# ASSIGNMENT
Repeat each entry as written, dropping any picture you find.
++++ INPUT DATA
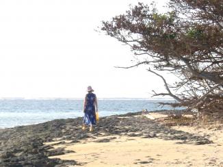 9月25日(月)夕刻いつまで同じ日で引っ張るんだか・・・バラスツアーから帰ってからちょっとのんびりモード。腹へった。売店でカップ麺を買って食べる。(売店では乾物、缶詰、カップメンくらいしか売っていない)泳ぐと本当に腹へるのよね。朝は島仲浜で泳いで、昼食後バラスツアーだから泳ぎっぱなし。しかーし!そんなことではへこたれないつりんちゅ。「屋良浜で泳ぐなら今しかないぞ~」と娘をそそのかす。明日は昼前には鳩間を発つのだ。娘は「疲れたよ~」「えーい!そんなひ弱な娘に育てた覚えはなーい!」というやりとりはあるはずもなく、「いきま~す!」かあさんは「十分およいだからええわ。」「屋良浜には木陰があって、涼しいから本でも読んでるといいよ~」で三人で出かける。屋良浜につくと…木陰など全くない┐('~`;)┌台風で潮をかぶり、葉がすべて落ちてしまったのだ。見渡す限り日陰がない。小さな岩陰があるが、先着の女性が見事にスッポリと収まっている。微動だにしない。マジで笑える。お母さんは屋良を一人歩き出す。お父さんと娘は沖に向かって泳ぐ。(いつの間にか家族になってる)砂地が続き、たまに根、サンゴがあり、魚もぽつぽついる。行けども行けども同じ景色で2m前後の深さ。キリがないので戻ってくると、三線の音が聞こえる。同じ宿のS氏が弾いている。(同級生)お母さんのリクエストであろう「島人ぬ宝」が聞こえてきた。娘と海のなかで歌い、踊る。やはり木陰を求めて三線を弾きに来たのだが、木陰が消えていたのだ。西日をまともに受けて汗だくになってる。あだーん!うーん、今日は本当によく泳いだな~。シャワーを浴びたら、もうすぐ夕食だ。
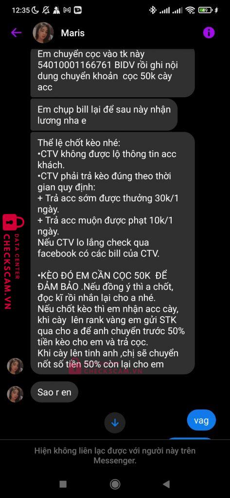 Scammer Alert: TRAN DANG HUY Reported: November 16, 2024 Scammer Information Full Name: TRAN DANG HUY Payment Gate: BIDV Payment Account: 54010001166761 Category: Marketplace scams Source: Checkscam Evidence Files Report Description Giả làm ng tuyển ctv cày thuê, đòi cọc trước Comments Your comment Add Comment No comments yet. Be the first to share your experience with this scammer.
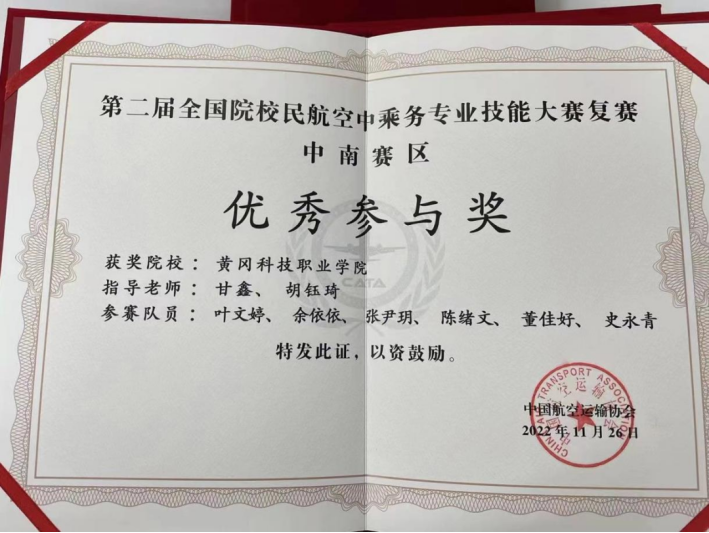 11月26日,第二屆全國院校民航空中乘務專業技能大賽中南區復賽在滁州·華東航空實訓基地圓滿落幕,因疫情原因,黃岡科技職業學院校區旅游與航空服務學院民航空中乘務專業的學生未能線下參加,只能通過有限的條件參加線上比拼,最終獲得優秀獎。
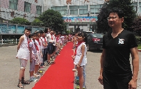 6月29日,在毕业典礼上,松门三小为学生安排了走红地毯环节。毕业生沿着红毯走向“未来”,红毯尽头是校长赠予的红包。 本报通讯员 谢法标摄
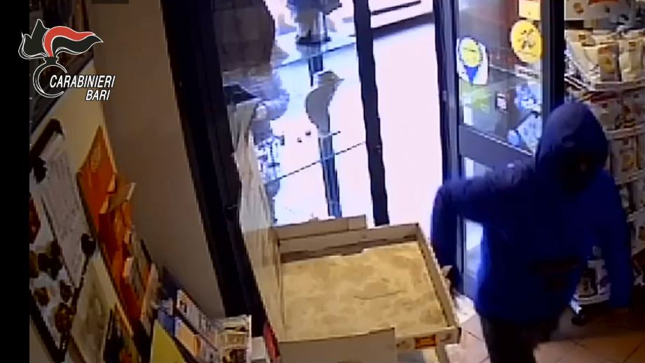 I militari della Stazione CC di Grumo Appula sono immediatamente intervenuti sul posto acquisendo il video che ritraeva il rapinatore nel momento in cui si avvicinava al negozio, quindi il suo fulmineo ingresso con il lancio di una pietra all’indirizzo della vittima, la sottrazione del denaro contante e dei biglietti gratta e vinci, nonché la fuga con il tentativo di colpire nuovamente il titolare della tabaccheria.
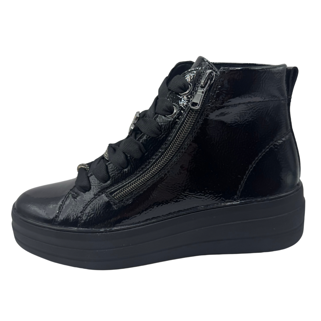 Rieker All Black Wedged Trainer Boots with Front Zip
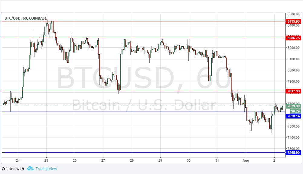 I wrote yesterday that I was very cautiously bearish below $7,632. The price did fall for several hours once it broke below that level, giving a chance for a profitable short trade, but unfortunately the price turned around sharply and now seems to be using this level as support. So, we are short-term bullish, medium-term bearish, and long-term nowhere with Bitcoin, which does not fill me with much confidence in trying to trade this today. The best I can say is that the level at $7,813 which is now resistance looks very strong and pivotal, so a short trade from a bearish reversal seems to be the most likely good opportunity to watch for today. If the price can get established above that level, it would be a bullish sign and I would take a bullish bias.
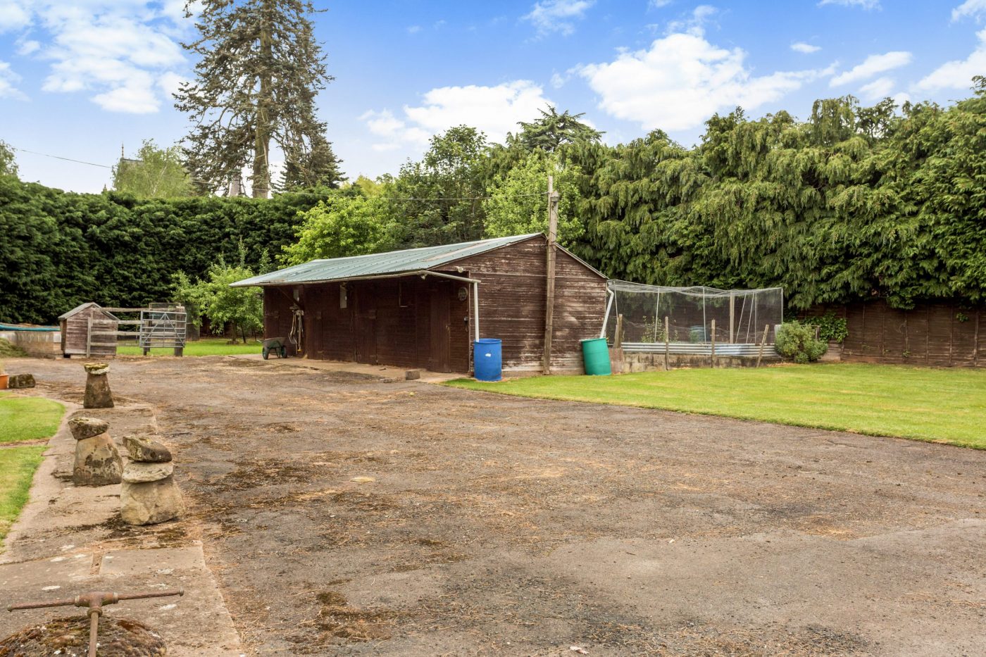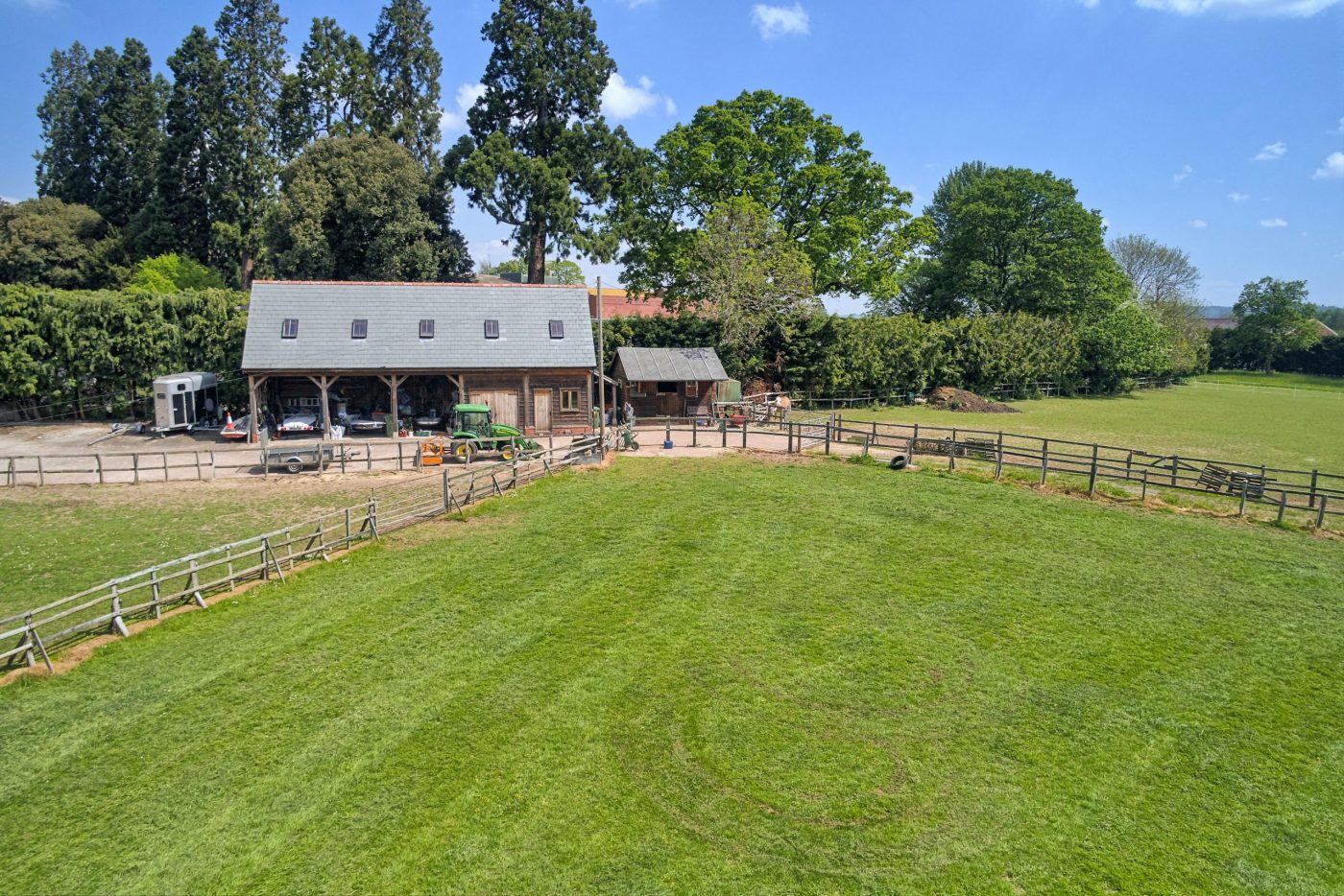 The property is accessed through electric gates and includes a stable yard with three loose boxes and a tack room. A more recently added three-bay open garage barn with a further workshop provides storage for additional vehicles and horseboxes. Adjoining the workshop is self-contained accommodation comprising a kitchen, cloakroom and two bedrooms.
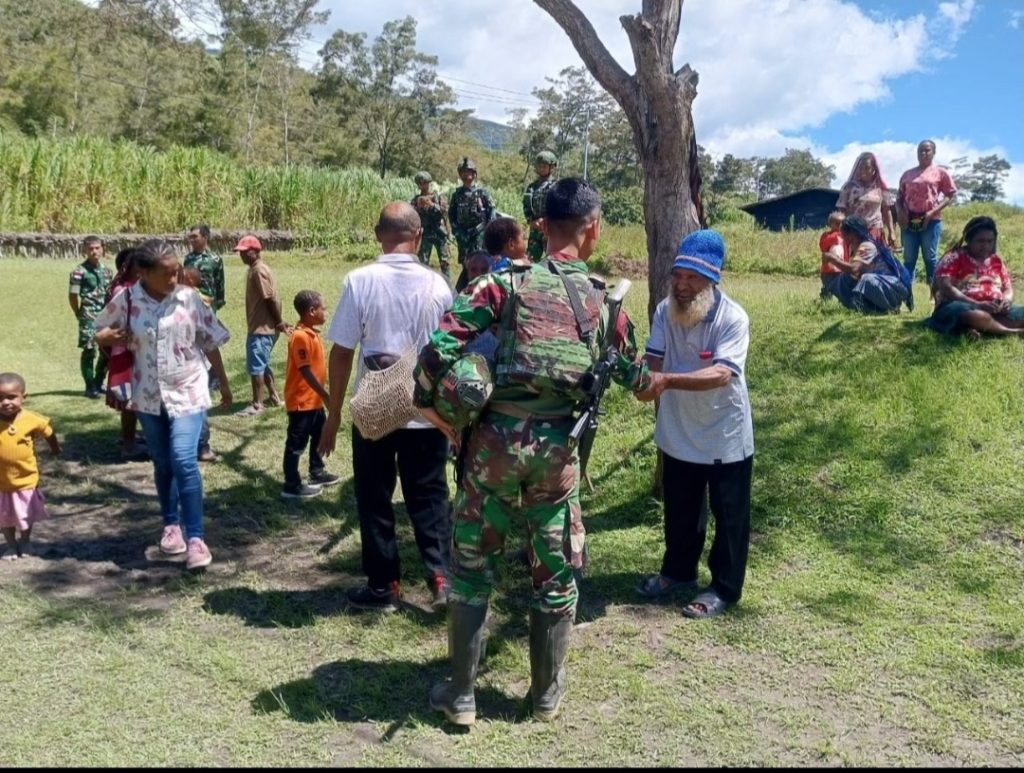 Satgas Yonif 641/Bru melalui tim pengamanan memberikan rasa aman dan damai saat pelaksanaan ibadah minggu berkah, pengamanan ini sebagai bentuk kepedulian atas menciptakannya suasana ibadah dengan tenang bagi masyarakat kampung Polimo, Distrik Kurima, Kab. Yahukimo, Papua Pegunungan (28/07/2024).
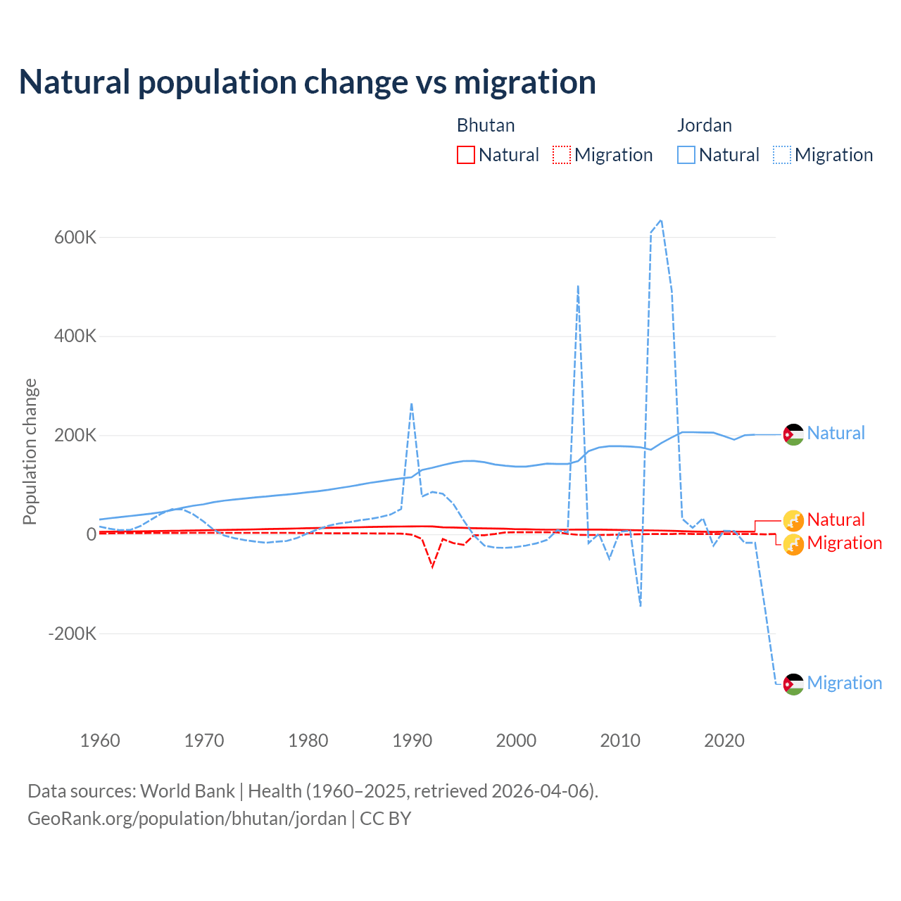Over the last 10 years, 93.3% of the population change in Bhutan is from natural causes (a gain of 55,796 people) and 6.74% is from migration (a gain of 4,035 people). In Jordan 63.2% is from natural causes (a gain of 1,991,452 people) and 36.8% is from migration (a gain of 1,157,625 people).
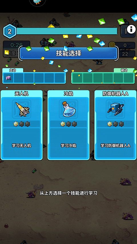 2、当击败一定的敌人升级后可以选择学习技能来强大自己。
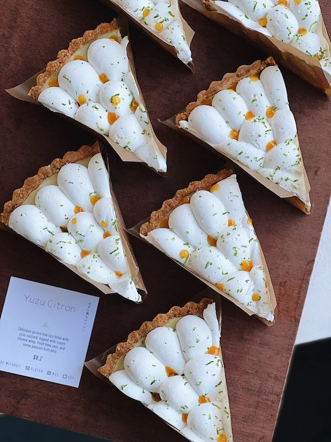 Yuzu Citron Tart. Gluten-free tart filled with yuzu custard, topped with cream cheese whip, fresh lime zest and passion fruit jelly.
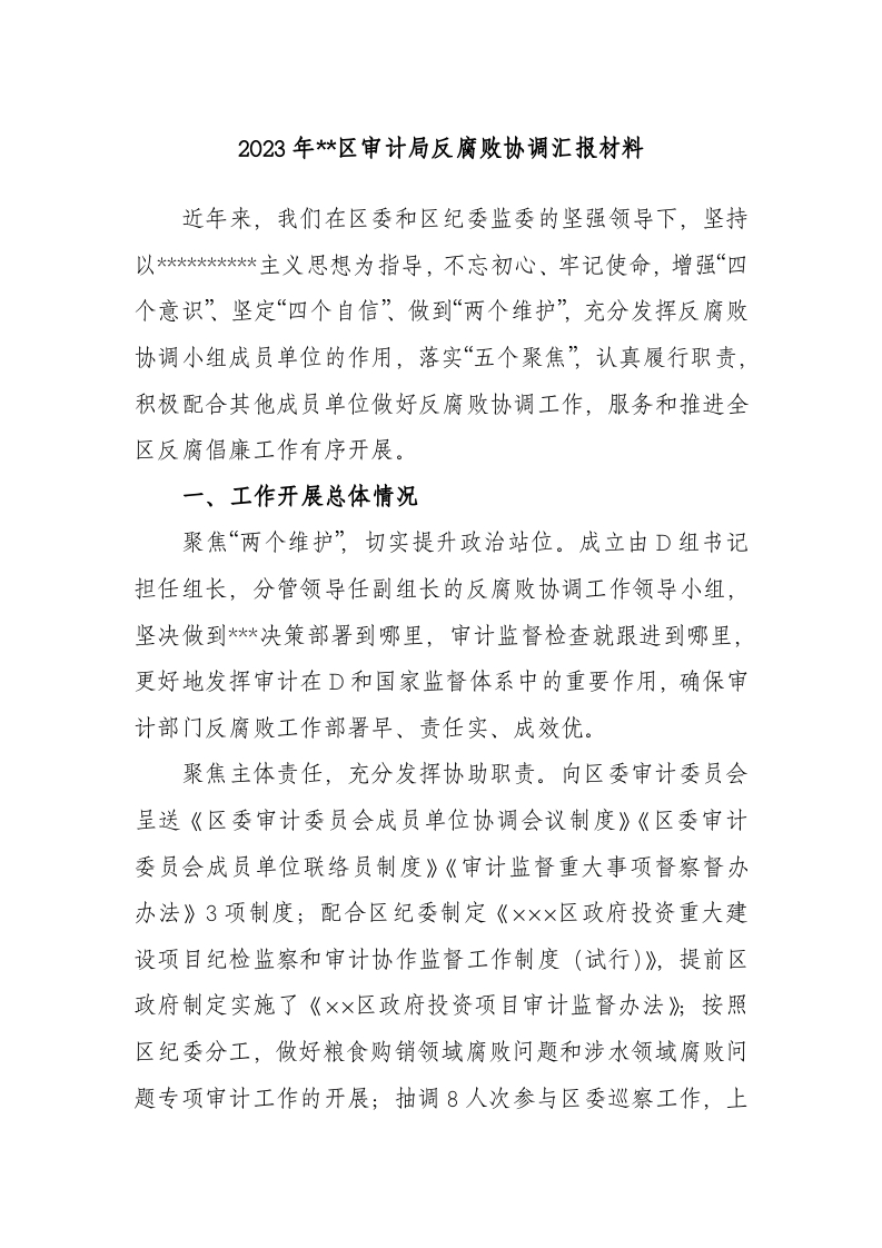 / 2023年区审计局反腐败协调汇报材料
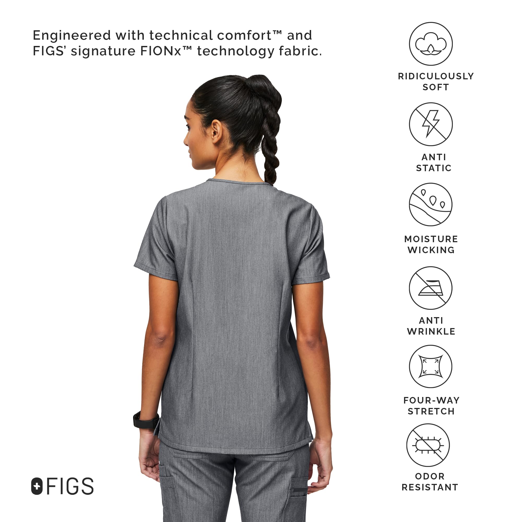 SUPERIOR FIT AND DURABILITY — Made with FIGS’ proprietary FIONx fabric, these stylish women’s scrub tops were designed with durable four-way stretch fabric, moisture-wicking, anti-wrinkle, and ridiculously soft properties. Enjoy ultimate comfort wearing this stretchy women’s medical scrub top.
++++++++
# TASK RESULT
 9月25日(月)夕刻いつまで同じ日で引っ張るんだか・・・バラスツアーから帰ってからちょっとのんびりモード。腹へった。売店でカップ麺を買って食べる。(売店では乾物、缶詰、カップメンくらいしか売っていない)泳ぐと本当に腹へるのよね。朝は島仲浜で泳いで、昼食後バラスツアーだから泳ぎっぱなし。しかーし!そんなことではへこたれないつりんちゅ。「屋良浜で泳ぐなら今しかないぞ~」と娘をそそのかす。明日は昼前には鳩間を発つのだ。娘は「疲れたよ~」「えーい!そんなひ弱な娘に育てた覚えはなーい!」というやりとりはあるはずもなく、「いきま~す!」かあさんは「十分およいだからええわ。」「屋良浜には木陰があって、涼しいから本でも読んでるといいよ~」で三人で出かける。屋良浜につくと…木陰など全くない┐('~`;)┌台風で潮をかぶり、葉がすべて落ちてしまったのだ。見渡す限り日陰がない。小さな岩陰があるが、先着の女性が見事にスッポリと収まっている。微動だにしない。マジで笑える。お母さんは屋良を一人歩き出す。お父さんと娘は沖に向かって泳ぐ。(いつの間にか家族になってる)砂地が続き、たまに根、サンゴがあり、魚もぽつぽついる。行けども行けども同じ景色で2m前後の深さ。キリがないので戻ってくると、三線の音が聞こえる。同じ宿のS氏が弾いている。(同級生)お母さんのリクエストであろう「島人ぬ宝」が聞こえてきた。娘と海のなかで歌い、踊る。やはり木陰を求めて三線を弾きに来たのだが、木陰が消えていたのだ。西日をまともに受けて汗だくになってる。あだーん!うーん、今日は本当によく泳いだな~。シャワーを浴びたら、もうすぐ夕食だ。
 Scammer Alert: TRAN DANG HUY Reported: November 16, 2024 Scammer Information Full Name: TRAN DANG HUY Payment Gate: BIDV Payment Account: 54010001166761 Category: Marketplace scams Source: Checkscam Evidence Files Report Description Giả làm ng tuyển ctv cày thuê, đòi cọc trước Comments Your comment Add Comment No comments yet. Be the first to share your experience with this scammer.
 11月26日,第二屆全國院校民航空中乘務專業技能大賽中南區復賽在滁州·華東航空實訓基地圓滿落幕,因疫情原因,黃岡科技職業學院校區旅游與航空服務學院民航空中乘務專業的學生未能線下參加,只能通過有限的條件參加線上比拼,最終獲得優秀獎。
 6月29日,在毕业典礼上,松门三小为学生安排了走红地毯环节。毕业生沿着红毯走向“未来”,红毯尽头是校长赠予的红包。 本报通讯员 谢法标摄
 I militari della Stazione CC di Grumo Appula sono immediatamente intervenuti sul posto acquisendo il video che ritraeva il rapinatore nel momento in cui si avvicinava al negozio, quindi il suo fulmineo ingresso con il lancio di una pietra all’indirizzo della vittima, la sottrazione del denaro contante e dei biglietti gratta e vinci, nonché la fuga con il tentativo di colpire nuovamente il titolare della tabaccheria.
 Rieker All Black Wedged Trainer Boots with Front Zip
 I wrote yesterday that I was very cautiously bearish below $7,632. The price did fall for several hours once it broke below that level, giving a chance for a profitable short trade, but unfortunately the price turned around sharply and now seems to be using this level as support. So, we are short-term bullish, medium-term bearish, and long-term nowhere with Bitcoin, which does not fill me with much confidence in trying to trade this today. The best I can say is that the level at $7,813 which is now resistance looks very strong and pivotal, so a short trade from a bearish reversal seems to be the most likely good opportunity to watch for today. If the price can get established above that level, it would be a bullish sign and I would take a bullish bias.
 The property is accessed through electric gates and includes a stable yard with three loose boxes and a tack room. A more recently added three-bay open garage barn with a further workshop provides storage for additional vehicles and horseboxes. Adjoining the workshop is self-contained accommodation comprising a kitchen, cloakroom and two bedrooms.
 Satgas Yonif 641/Bru melalui tim pengamanan memberikan rasa aman dan damai saat pelaksanaan ibadah minggu berkah, pengamanan ini sebagai bentuk kepedulian atas menciptakannya suasana ibadah dengan tenang bagi masyarakat kampung Polimo, Distrik Kurima, Kab. Yahukimo, Papua Pegunungan (28/07/2024).
Over the last 10 years, 93.3% of the population change in Bhutan is from natural causes (a gain of 55,796 people) and 6.74% is from migration (a gain of 4,035 people). In Jordan 63.2% is from natural causes (a gain of 1,991,452 people) and 36.8% is from migration (a gain of 1,157,625 people).
 2、当击败一定的敌人升级后可以选择学习技能来强大自己。
 Yuzu Citron Tart. Gluten-free tart filled with yuzu custard, topped with cream cheese whip, fresh lime zest and passion fruit jelly.
 / 2023年区审计局反腐败协调汇报材料
 SUPERIOR FIT AND DURABILITY — Made with FIGS’ proprietary FIONx fabric, these stylish women’s scrub tops were designed with durable four-way stretch fabric, moisture-wicking, anti-wrinkle, and ridiculously soft properties. Enjoy ultimate comfort wearing this stretchy women’s medical scrub top.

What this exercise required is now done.